■ What this task involves:
For the data that follows, return each line unchanged and drop the pictures.

*** Opening Supplied material ***

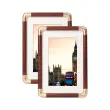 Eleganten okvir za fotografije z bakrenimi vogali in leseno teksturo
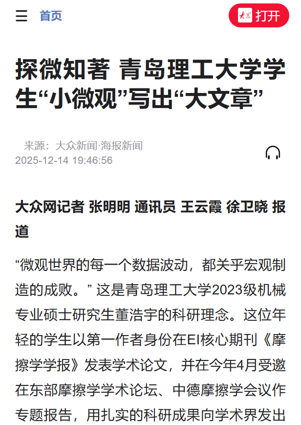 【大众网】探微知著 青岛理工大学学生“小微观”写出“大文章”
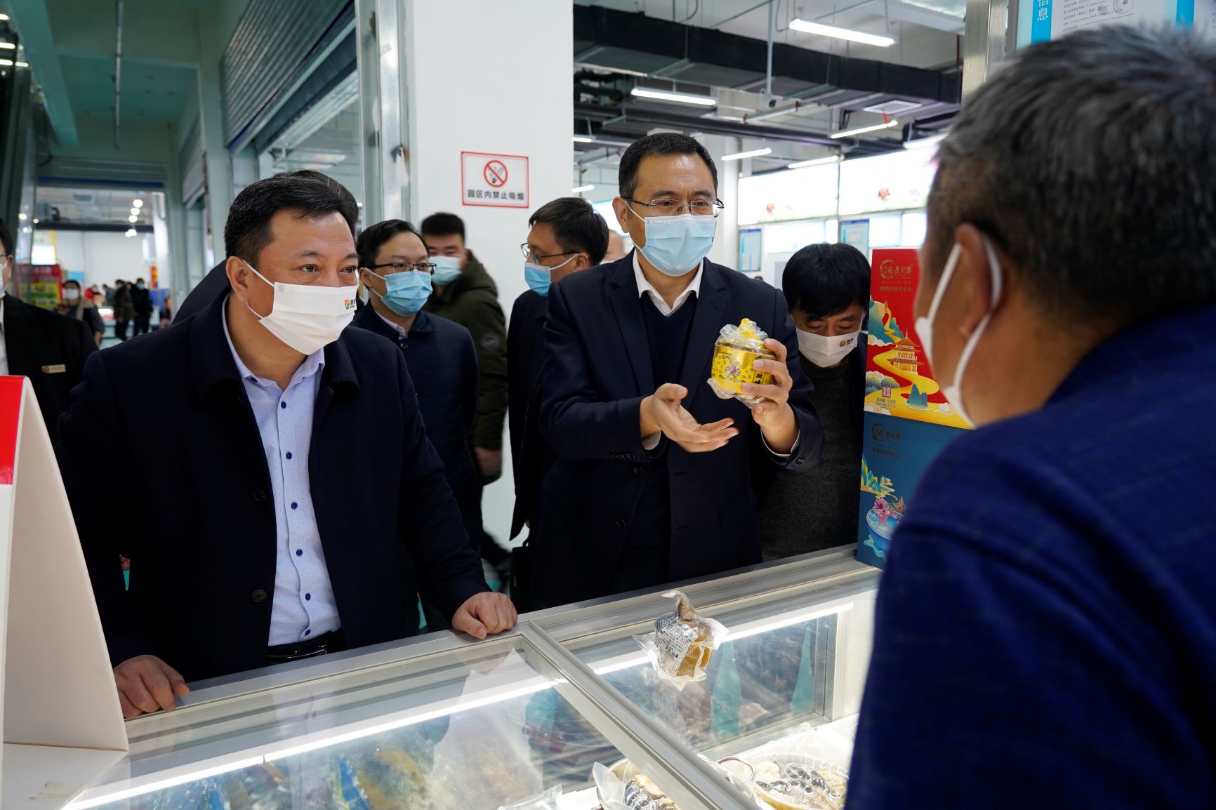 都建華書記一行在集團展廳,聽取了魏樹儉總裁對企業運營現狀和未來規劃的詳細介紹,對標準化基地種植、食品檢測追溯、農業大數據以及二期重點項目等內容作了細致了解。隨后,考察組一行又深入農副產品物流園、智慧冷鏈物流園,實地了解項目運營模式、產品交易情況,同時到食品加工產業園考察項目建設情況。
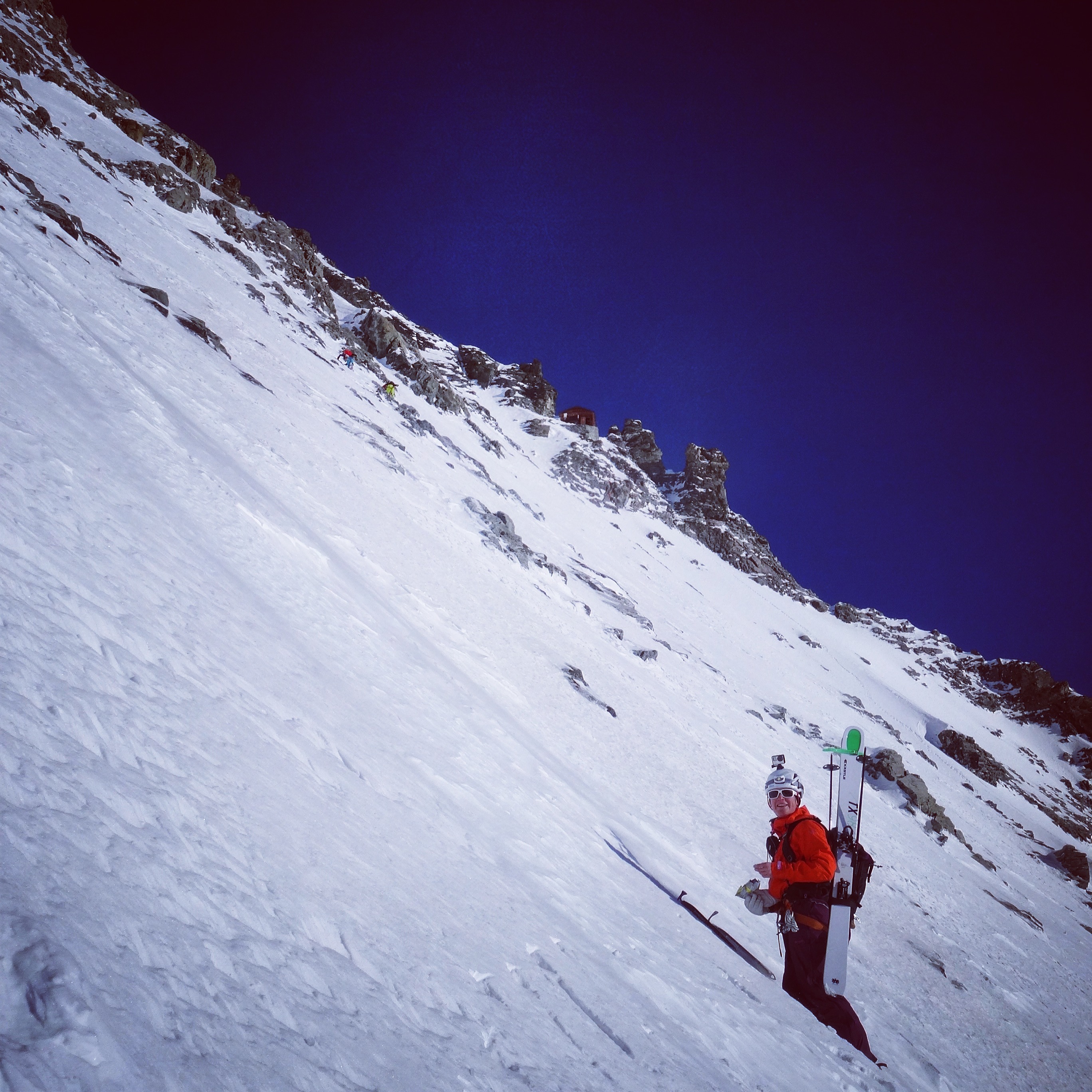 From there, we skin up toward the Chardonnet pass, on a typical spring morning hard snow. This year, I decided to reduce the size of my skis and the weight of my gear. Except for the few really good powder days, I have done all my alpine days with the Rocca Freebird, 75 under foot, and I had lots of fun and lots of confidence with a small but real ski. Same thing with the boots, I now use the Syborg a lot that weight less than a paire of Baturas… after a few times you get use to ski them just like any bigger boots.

*** Closing Supplied material ***

■ Solution:
 Eleganten okvir za fotografije z bakrenimi vogali in leseno teksturo
 【大众网】探微知著 青岛理工大学学生“小微观”写出“大文章”
 都建華書記一行在集團展廳,聽取了魏樹儉總裁對企業運營現狀和未來規劃的詳細介紹,對標準化基地種植、食品檢測追溯、農業大數據以及二期重點項目等內容作了細致了解。隨后,考察組一行又深入農副產品物流園、智慧冷鏈物流園,實地了解項目運營模式、產品交易情況,同時到食品加工產業園考察項目建設情況。
 From there, we skin up toward the Chardonnet pass, on a typical spring morning hard snow. This year, I decided to reduce the size of my skis and the weight of my gear. Except for the few really good powder days, I have done all my alpine days with the Rocca Freebird, 75 under foot, and I had lots of fun and lots of confidence with a small but real ski. Same thing with the boots, I now use the Syborg a lot that weight less than a paire of Baturas… after a few times you get use to ski them just like any bigger boots.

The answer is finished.